Gender Liberation !!!

Okay I'm done.
post #95 of 99
Quote:
Originally Posted by waiting2bemommy View Post
Yes although for us it's now a question of "when," not "if." Originally we were going to do it at the birth (we planned a home birth) then we ended up having her in the hospital we said 2 weeks, and now dd is almost 6 weeks and her dad wants to wait until 5 months after her 3rd hep B shot (the only shot she is getting, because of getting her ears pierced) but I am pushing to do it this week at the 6 week mark. I don't think it's a big deal.....I wanted my ears pierced my whole life and my parents wouldn't allow it until 14. The result was that I pierced my own ears multiple times as a young child/preteen and they even got infected a couple times. they close up fine if you take the earrings out long enough so if she decides she hates them she can just take them out.
so how about you wait until she actually wants them, and then you can say 'yes' instead of 'no' like your parents did.
post #96 of 99
No, we will not be poking holes in DD's body.
I have several piercings and really like them, but I'll let DD make that decision for herself. If she asks, we'll get it done then. If she never asks, then we won't.
post #97 of 99
Nope, nope, nope!!!!

DH and I both have piercing and tattoos.....and a lot of them. DH has so many tattoos I can't count them and he used to have a lot of piercings. I have a facial piercing as well as in my ears and two largish tattoos. People EXPECTED us to get our DD's ears pierced and totally thought we were crazy that we refuse to do it. They think because we have tattoos and piercings that we for surely would have pierced our daughters ears.

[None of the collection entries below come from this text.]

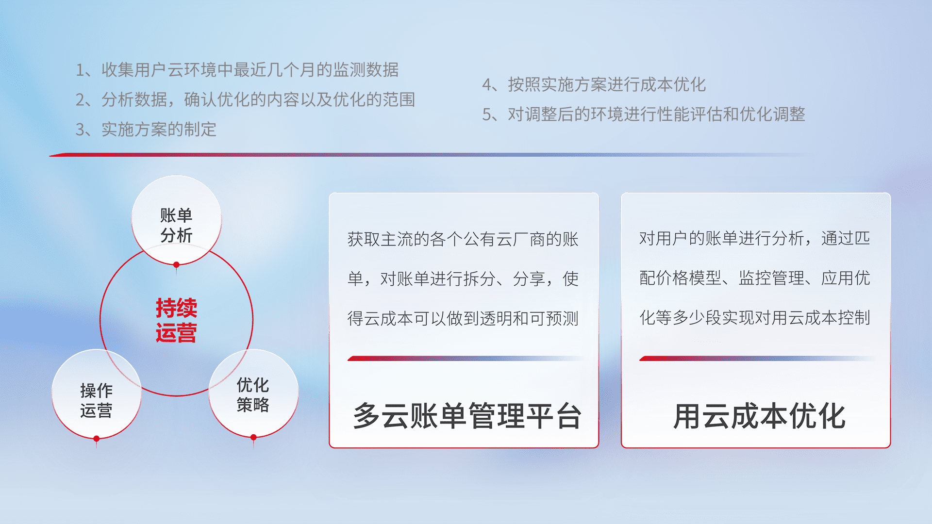 通过多云纳管,,以统一的资源数据模型把客户的云资源进行抽象和封装,,,,进而实现对多云资源的统一操作,,,保障云资源管理的可靠性、、稳定性与可用性。。。量身定制化运维内容,,,,配置、、开发运维、、补丁管理、、、备份、、、监控、、、、认证和访问管理、、、、审计和日常巡检等,,保障在用云过程中的可靠度,,,稳定度以及高可用率。。。。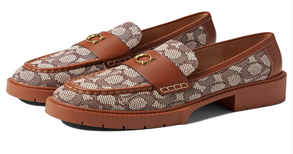 COACH Leah Textured Jacquard Loafer Cocoa/Burnished Amber 7 B (M)
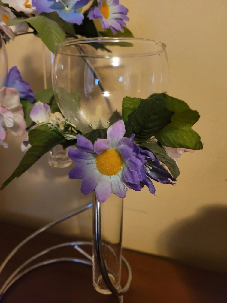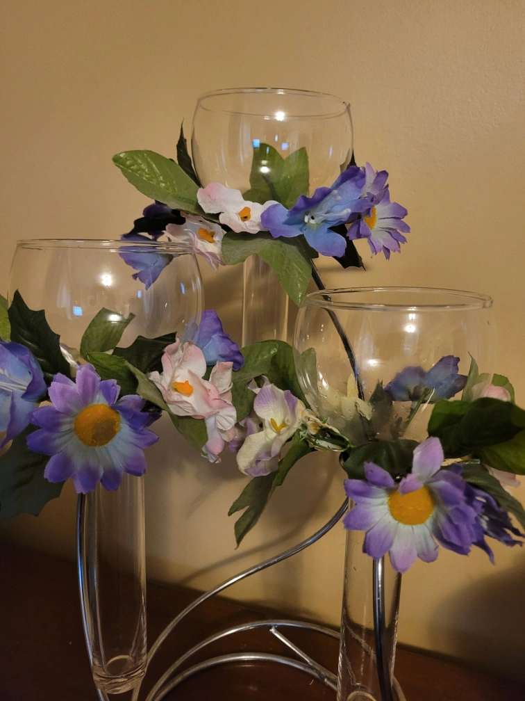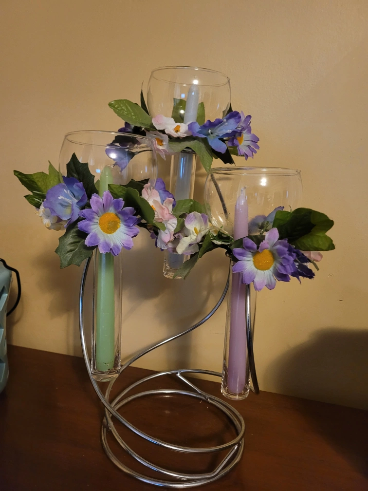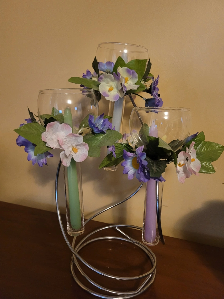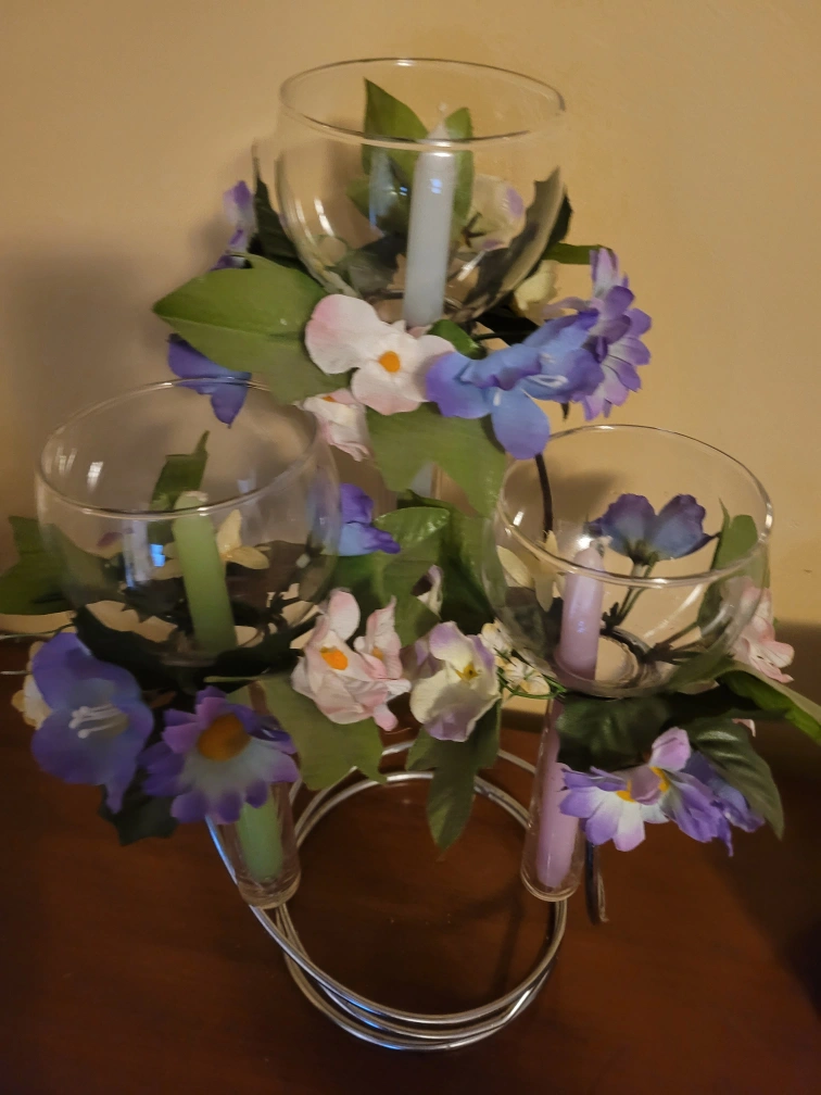 Beautiful centerpiece. Features three glass votive holders with artificial flowers. Metal stand; candles included. Can change flowers to the colors of your choice.
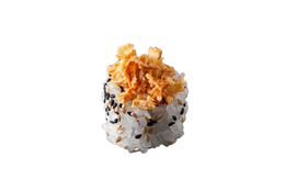 Delgado rollo de sushi elaborado con nuestro arroz recién elaborado, relleno de atún, cebolla crujiente y puntos de mayonesa picante.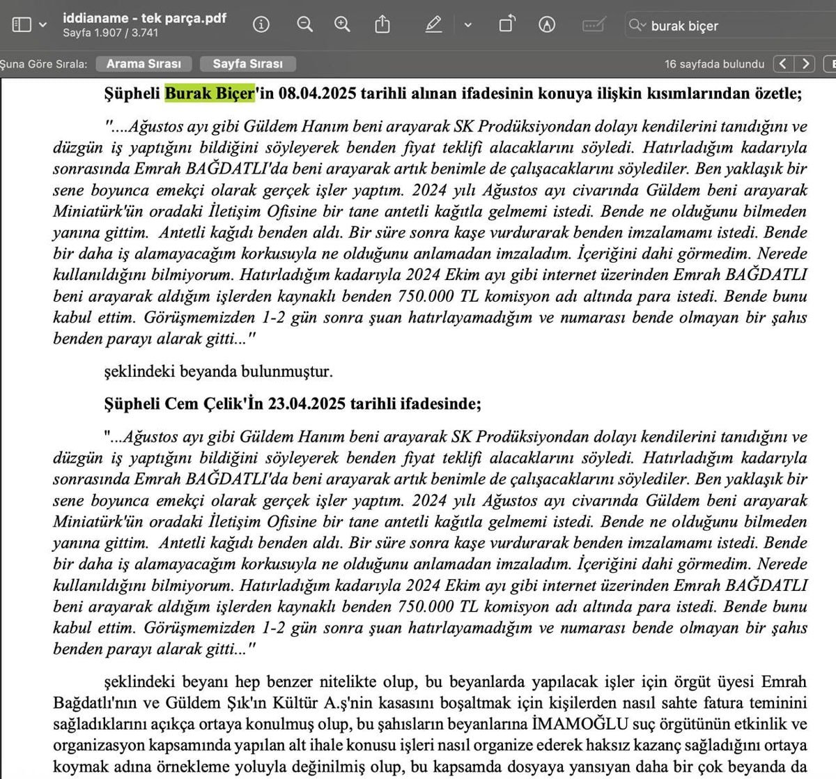 İBB’ye yönelik operasyonlar kapsamında 10 Temmuz tarihinde tutuklanan ve iddianamede “şüpheli” olarak geçen mali müşavir Cem Çelik ile yine iddianamede “şüpheli” sıfatıyla yer alan ve etkinlik sektöründe faaliyet gösterdiği belirtilen Burak Biçer’in birebir aynı ifadeleri vermeleri dikkat çekti. Biçer’in söz konusu ifadeyi 8 Nisan’da verdiği belirtilirken Çelik’in ise aynı ifadeyi 23 Nisan’da verdiği iddianamede yer aldı.

It is HER body. Not ours. We are old enough to make the decisions on what we do/don't want done to ours. She's not and I would never make an alteration to her body. When she is old enough to decide for herself, I have no problem with her getting them done. Just as when she turns 16, if she wants other things pierced....have at 'er. When she turns 18, if she wants to get tattooed, go ahead. Those things are very personal decisions. Even 'JUST' having her ears peirced.
post #98 of 99
No piercing here. They can get it when they ask, realize it will hurt, and will comply with keeping it clean.

It hurts I wouldn't have my kid wear painful shoes so he looks cute. Why get a earrings?
post #99 of 99
No. They're welcome to have them done if they want it and DH and I think they understand the pain/care issues etc. I wouldn't do it for someone who can't consent just so people won't think they're a boy.